-- DATASET EXTRACT --
Content starts
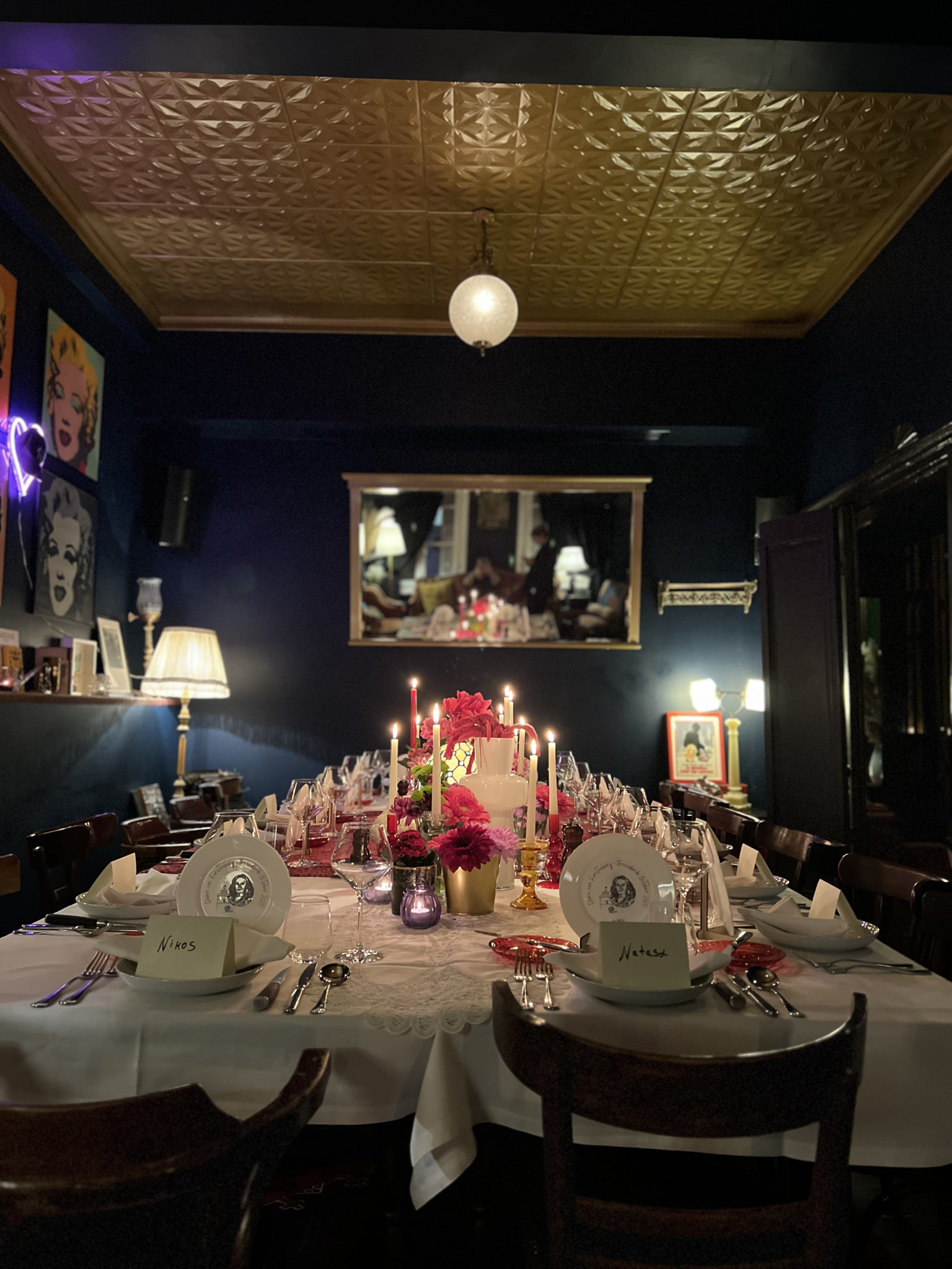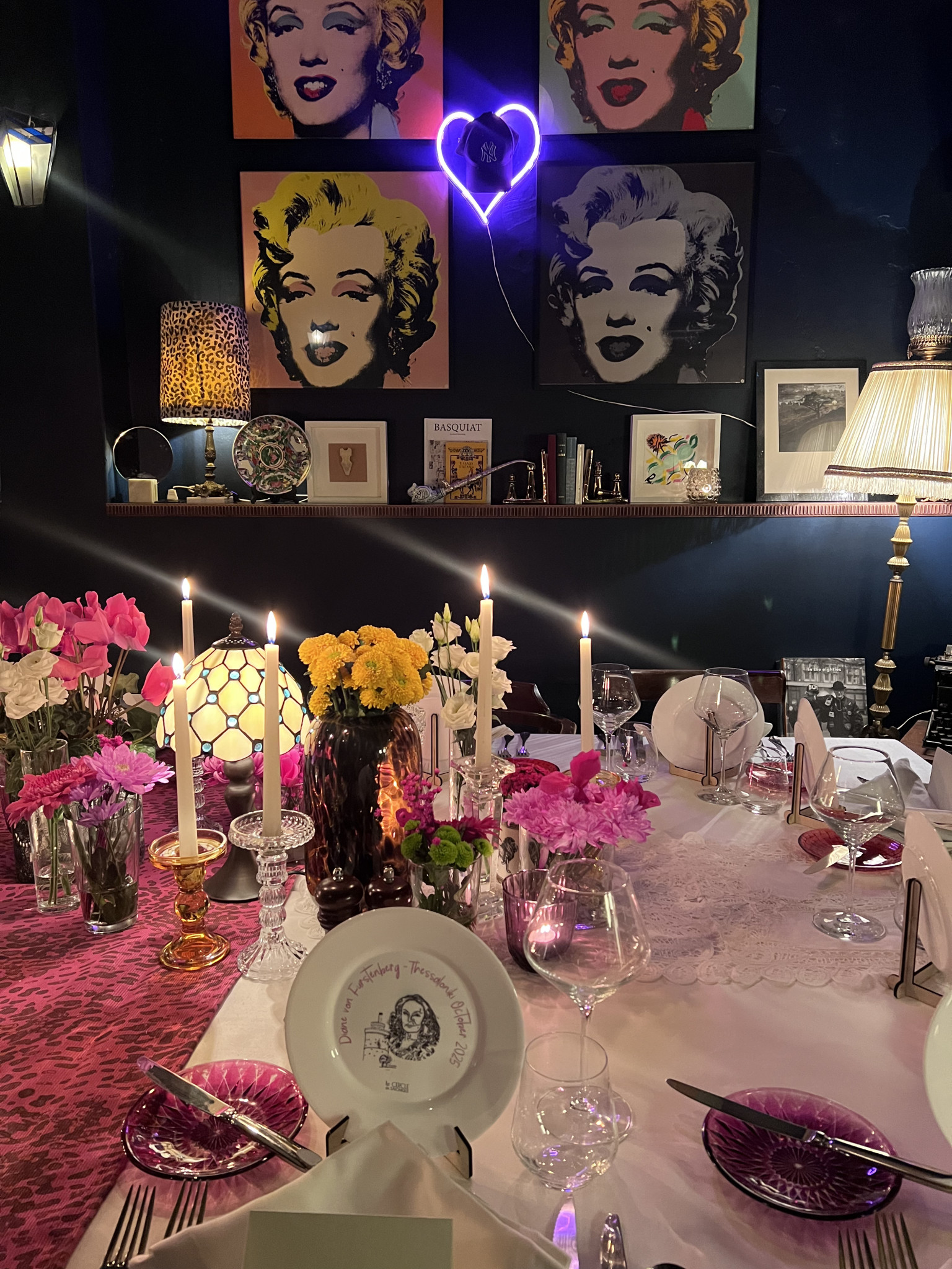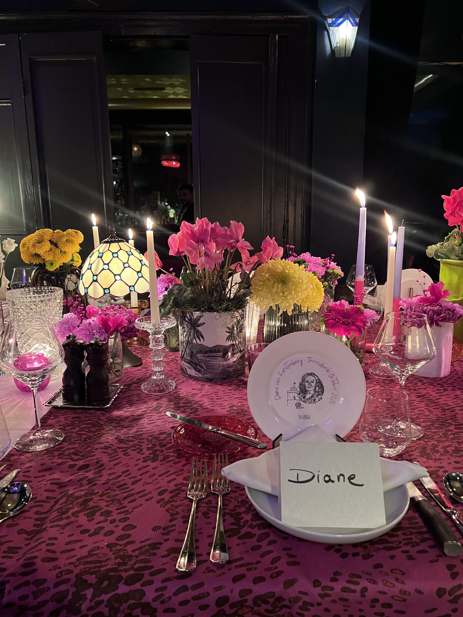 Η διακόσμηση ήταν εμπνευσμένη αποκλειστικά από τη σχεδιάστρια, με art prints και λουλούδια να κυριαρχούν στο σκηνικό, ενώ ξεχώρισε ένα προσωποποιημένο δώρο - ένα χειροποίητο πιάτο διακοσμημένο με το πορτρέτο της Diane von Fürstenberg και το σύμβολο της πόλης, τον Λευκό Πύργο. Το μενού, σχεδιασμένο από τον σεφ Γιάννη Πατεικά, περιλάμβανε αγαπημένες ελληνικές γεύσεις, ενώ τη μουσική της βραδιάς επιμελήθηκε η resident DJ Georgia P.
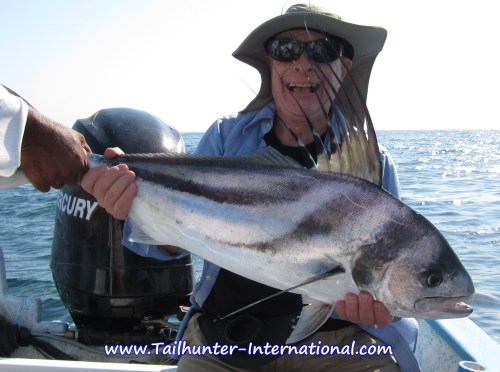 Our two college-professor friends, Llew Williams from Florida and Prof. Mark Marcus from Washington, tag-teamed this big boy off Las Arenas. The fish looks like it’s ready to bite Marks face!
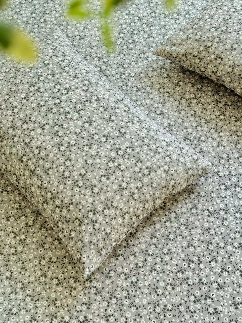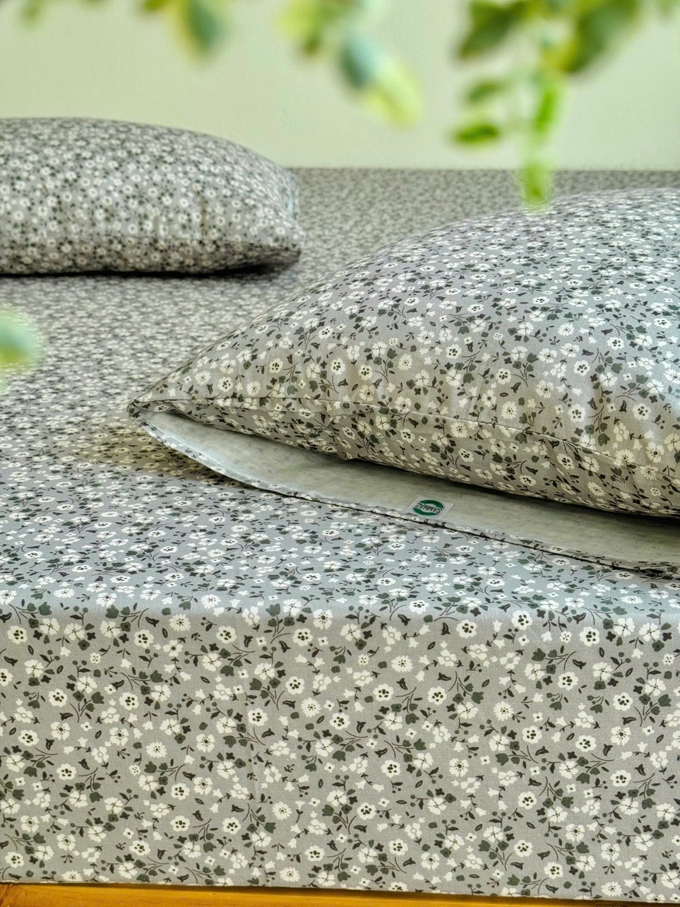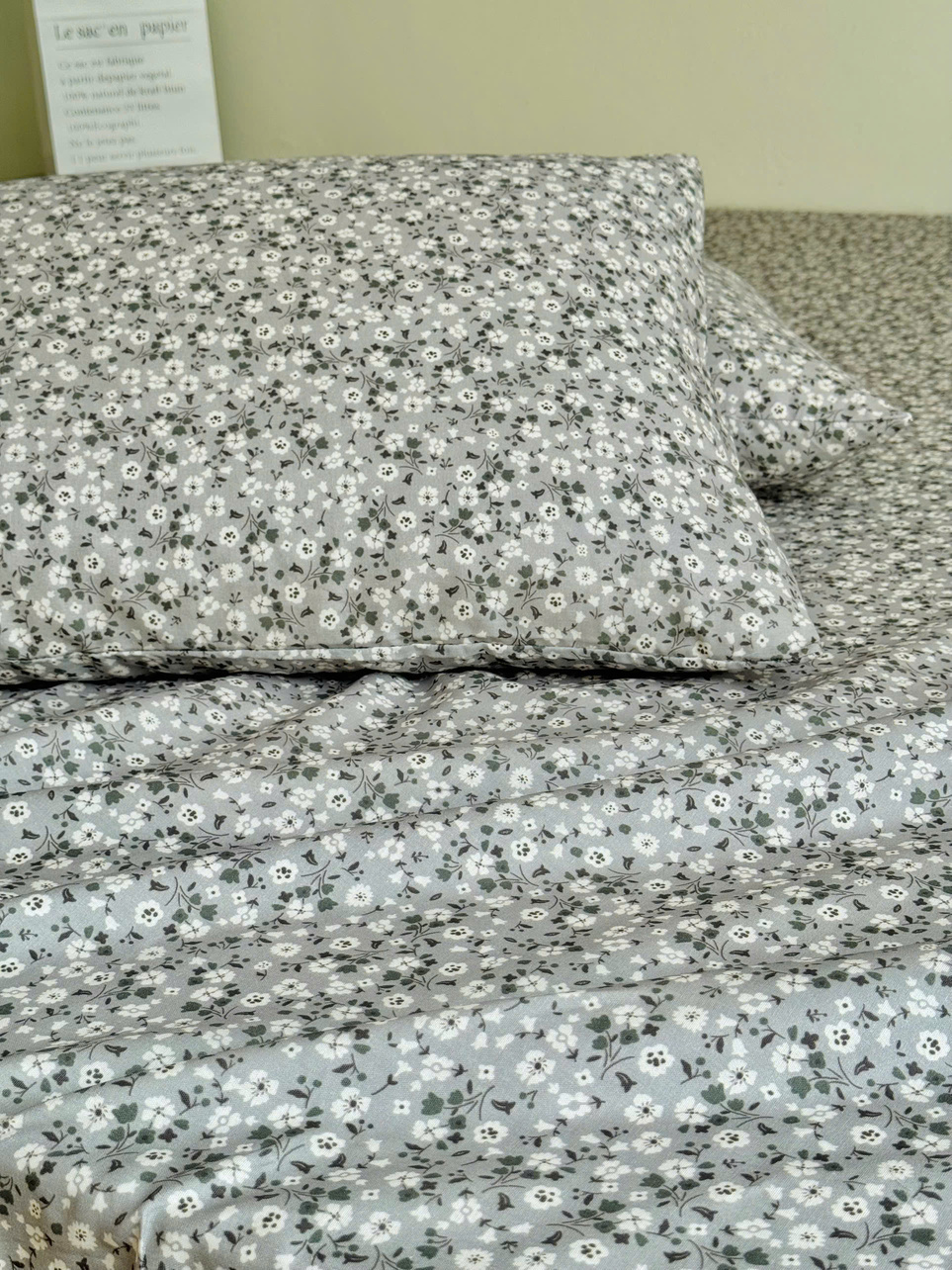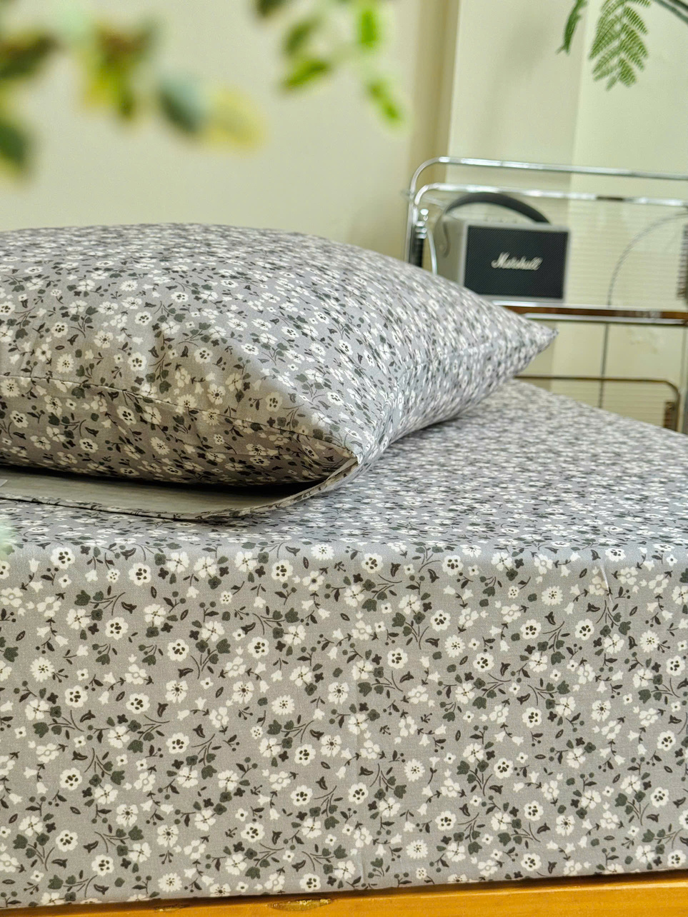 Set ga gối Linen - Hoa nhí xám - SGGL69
Content ends
-- PROBLEM TO SOLVE --
Exclude every picture and copy the remaining data exactly.

-- RESULT OF THIS EXERCISE --
 Η διακόσμηση ήταν εμπνευσμένη αποκλειστικά από τη σχεδιάστρια, με art prints και λουλούδια να κυριαρχούν στο σκηνικό, ενώ ξεχώρισε ένα προσωποποιημένο δώρο - ένα χειροποίητο πιάτο διακοσμημένο με το πορτρέτο της Diane von Fürstenberg και το σύμβολο της πόλης, τον Λευκό Πύργο. Το μενού, σχεδιασμένο από τον σεφ Γιάννη Πατεικά, περιλάμβανε αγαπημένες ελληνικές γεύσεις, ενώ τη μουσική της βραδιάς επιμελήθηκε η resident DJ Georgia P.
 Our two college-professor friends, Llew Williams from Florida and Prof. Mark Marcus from Washington, tag-teamed this big boy off Las Arenas. The fish looks like it’s ready to bite Marks face!
 Set ga gối Linen - Hoa nhí xám - SGGL69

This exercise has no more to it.